Бумаги Раевского снова уходят в Петербург, а майор все ждет и ждет в крепости Замостье. К счастью, Константин просил царя и за безумного Григория Раевского: его судьба решается „благоприятно“…
Шестое тюремное лето: было четыре молдавских, одно петербургское, теперь — польское:
„Сначала после личного дозволения его императорского высочества прогулок для воздуха мне дозволено было выходить в места открытые и через улицы; но вскоре все улицы названы были местами публичными, мне показаны были прогулки за сараями и конюшнями — там, где зимою снег выше колена, — вот почему во всю прошлую зиму пользовался я свежим воздухом не более шести раз…
Русская баня топилась прежде в две и в три недели раз, но по неизвестным мне причинам вот уже пять недель, как она не топится…
Ах! С благодарностию принял бы я ныне какое бы то ни было наказание, дабы спастись от заключения!“
Тем не менее Раевский чувствительно благодарит за все Куруту (в сущности, Константина); предчувствуя недоброе, просит не переводить его к другим начальникам:
„Несчастье учинило меня недоверчивым. Здесь боюсь я скрывать истину, в другом месте я устрашусь говорить ее. Я должен буду обратить внимание Комиссии на важнейший предмет. Может быть, сильный начальник, против коего я говорить должен, имеет сильные связи“.

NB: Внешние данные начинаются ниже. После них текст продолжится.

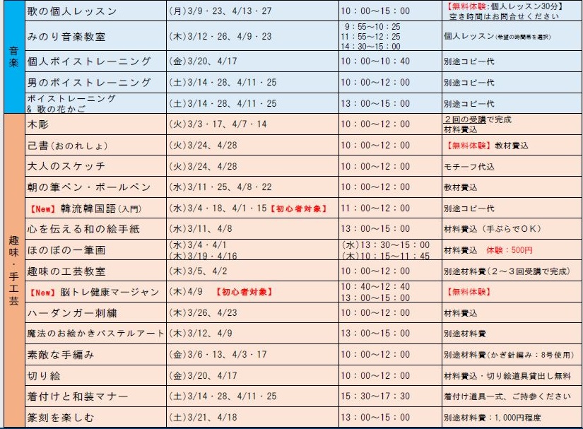 3月~4月は定期利用の講座が、体験レッスン1回1,000円または無料で

Сильные начальники, которые могут сильно повредить, — это прежде всего Дибич и Алексей Орлов.
Либо дожидаться в Польше, либо — куда угодно, в ссылку, под надзор.
Надоело!
* * *Меж тем дело уже у них, „сильных начальников“. Составлена Комиссия из трех генералов и двух полковников во главе с генералом Левашовым, тем самым, кто полтора года назад допрашивал Раевского в Зимнем дворце.
Никак сановникам не разобраться с майором, и они пускают его „по кругу“.
Наблюдать же за Комиссией приказано великому князю Михаилу Павловичу, который тоже видел Раевского на февральском допросе 1826 года и удивлялся — „зачем юнкеров учить?“.
Назначение Михаила — тонкая акция. Брат Константин не сможет сказать, будто брат Николай нарочито оспорил его решение: дело в руках третьего брата, который вроде бы может вершить третейский, нейтральный суд…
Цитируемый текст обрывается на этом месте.